Hair Growth Stages
There is more to the hair you have than just what you see. The basic components that causes hair growth inside the human scalp is complicated and more advanced than just each strand you see.
Each strand of hair grows from a hair follicle. The hair follicle is composed of two structures; the part which resides inside the skin scalp and the shaft, which grows out of the scalp and each hair follicle has its own life cycle. This means that each strand of hair grows independently of the surrounding strands. If all of the hair follicles were synchronous, the hair would all grow at the same time. This would mean that there would be periods during which we would all be bald and other moments when we would have a full hair!
The hair growth process occurs in a cycle, with hair follicles going through four different stages as they grow, regress, rest and shed over the course of several years.
Understanding hair growth is an important part of learning more about why your hair thins and falls out. It’s also useful knowledge for regrowing your hair and helping you maintain as much hair as possible over time.
The Four Stages of Hair Growth
The hair growth process has four different stages:
The anagen, or growing phase: this phase is where it all starts. The hair grows from the root about 1 cm every 28 days during which your hair grows.
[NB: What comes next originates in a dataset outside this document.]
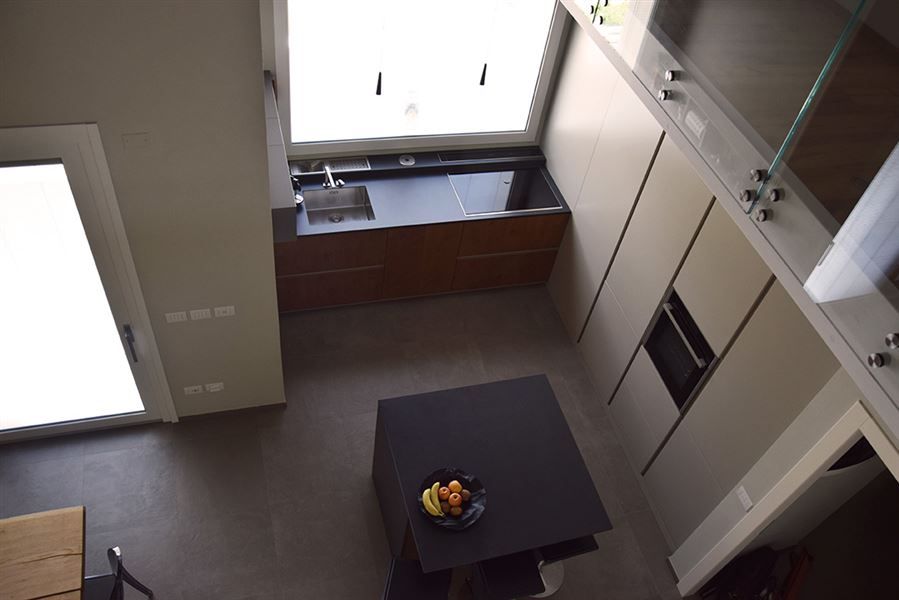 Ad elementi di arredo già esistenti, abbiamo accostato in un progetto unitario i nuovi mobili, come la cucina, la zona pranzo e la zona notte. Il tavolo realizzato nella nostra falegnameria scalda l’ambiente e lo caratterizza fortemente. La cucina è composta da accessori ed elementi di servizio nascosti e su misura che la rendono piacevole alla vista e funzionale.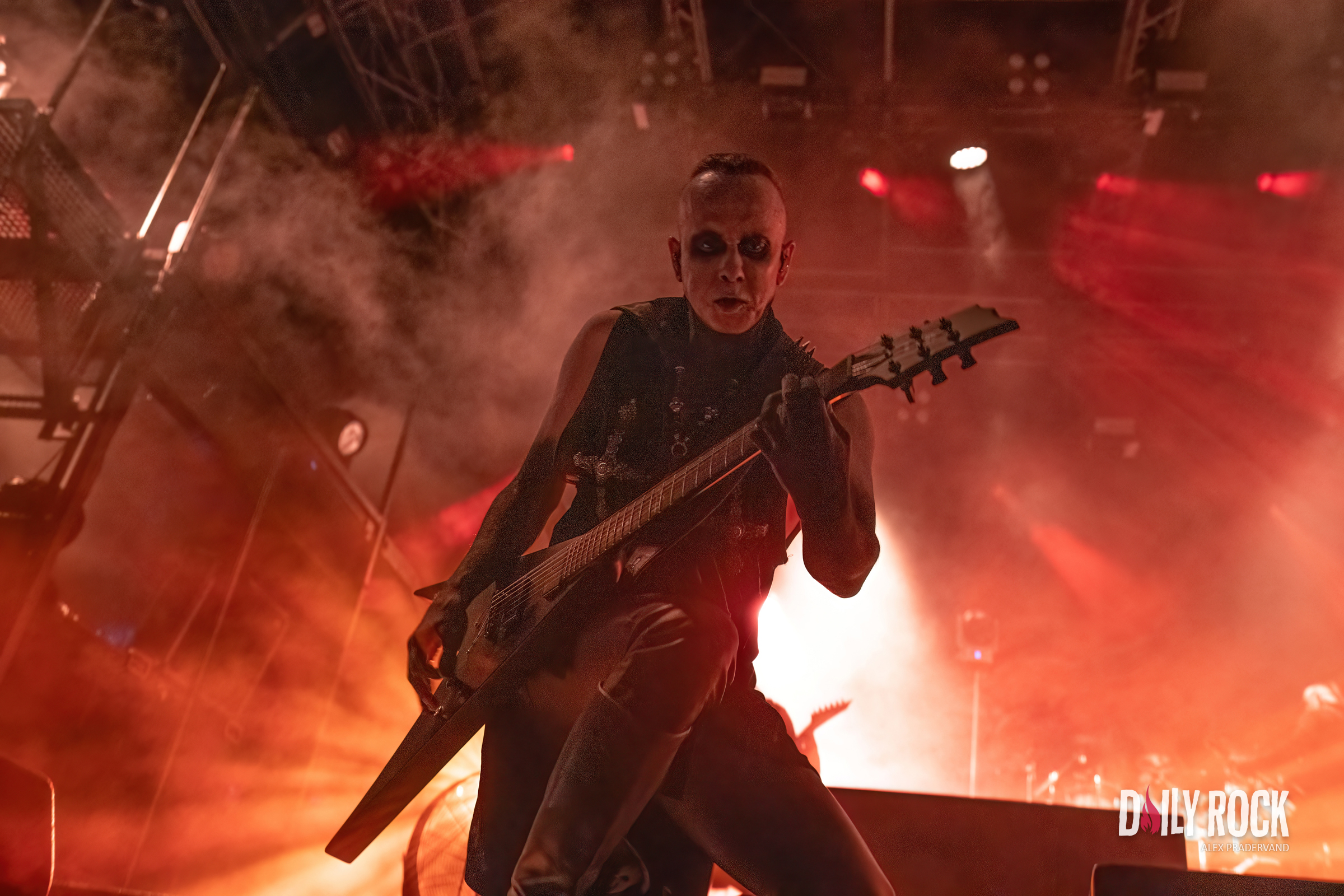 Les Polonais de Behemoth en tête d’affiche ? Quelle merveilleuse idée de l’organisation ! Avec le combo de Gdansk c’est l’assurance d’un show grandiose. Début des hostilités au moyen d’un rideau blanc et d’un jeu d’ombres et de lumières. Puis les voilà qui apparaissent ! Superbe son, des musiciens ultra précis et un show millimétré. Le tout, pour notre plus grand plaisir ! Tout est cohérent et d’une fluidité sans pareil. La complexité des morceaux et de leurs arrangements prend encore plus son sens en live. Tout cet ensemble magnifié par une notion de la mise en scène qui fait office de leçon, ni plus ni moins. Rincé par 6 semaines de tournée, le groupe ne lâche rien. D’ailleurs, il semble même s’agacer du manque d’entrain du public cudrefinois. Behemoth nous lessive, nous ‘Broye’ et on en redemande ! Bravo et merci à Rock The Lakes de les avoir programmés. Si pointue soit-elle, cette tête d’affiche a su rassembler et probablement plaire aux non-avertis.

Normal scalp hair follicles in this anagen stage lasts approximately three to six years, whereas hair on the eyebrows, eyelashes, arms and legs have very short active phase of growth that last about 30-70 days in the anagen phase, which explains why they are much shorter than the hair on the scalp of the head.
Although, some people might have difficulty growing their hair beyond a certain length because they have short active phase of growth, which could be due to a natural cause, stress or lack of proper nutrients for the body. On the other hand, people with very long hair have a long active phase of growth.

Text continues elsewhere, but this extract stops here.